Not only does Niran experiment with the user interface, the default Windlight and render settings vary too. This makes for striking skies, sun rises, and sets.
Clearing the settings moved me back to the viewers default camera position offset over the right shoulder. Since I mouse steer that change throws me a curve.
In Preferences (Ctrl-P) -> User Options (top tab) -> Advanced (bottom tab) is the camera offset settings. In the Linden viewers these are buried in the Debug Settings. So, it is nice to have them exposed in a settings panel in Preferences. Use can use the values to change the default location of the camera. In general the rendering is nice looking. I suppose whither you like it is a matter of personal taste.
You can use the Bottom Menu – View button to switch away from Shoulder Viewer to Rear View. Make sure you know which view you are in before editing the camera settings in Preferences.

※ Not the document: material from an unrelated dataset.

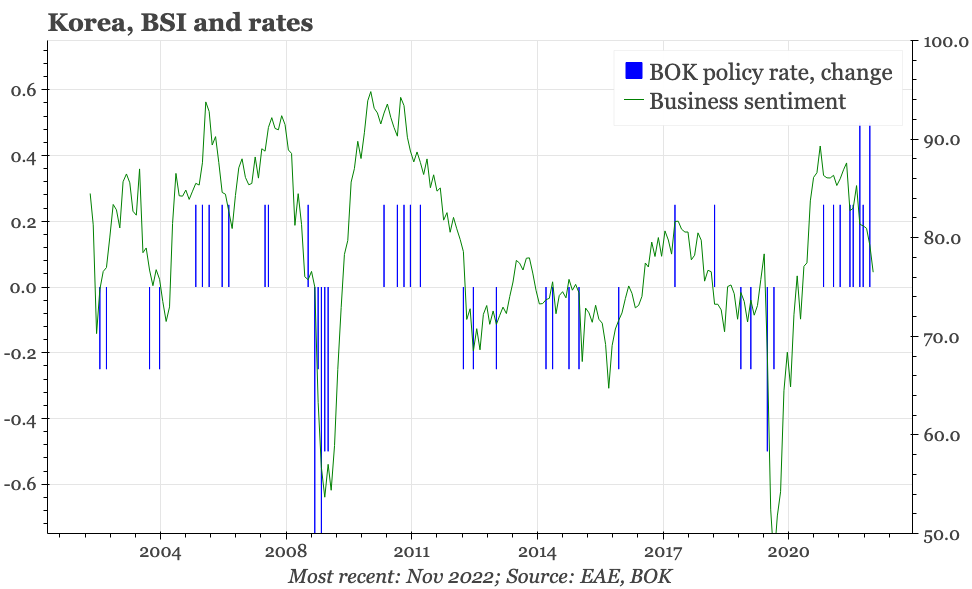 It didn't quite there yet in November, but in the next couple of months business sentiment will most likely be back at levels where, far rather than hiking 50bp, the BOK has historically been cutting.

Inara says she got a false positive alert with AVG anti-virus. My ESET didn’t have a problem with it. If your anti-virus fires off during install and complains, be sure to check that the file C:\Program Files\Nirans Viewer\slplugin.exe made it in. If your anti-virus blocked it or removed it, you’ll have problems running the viewer.
Niran’s is an excellent viewer. The render is nice and excellent for photography and machinima. The rapidly changing interface creates a constant learning curve.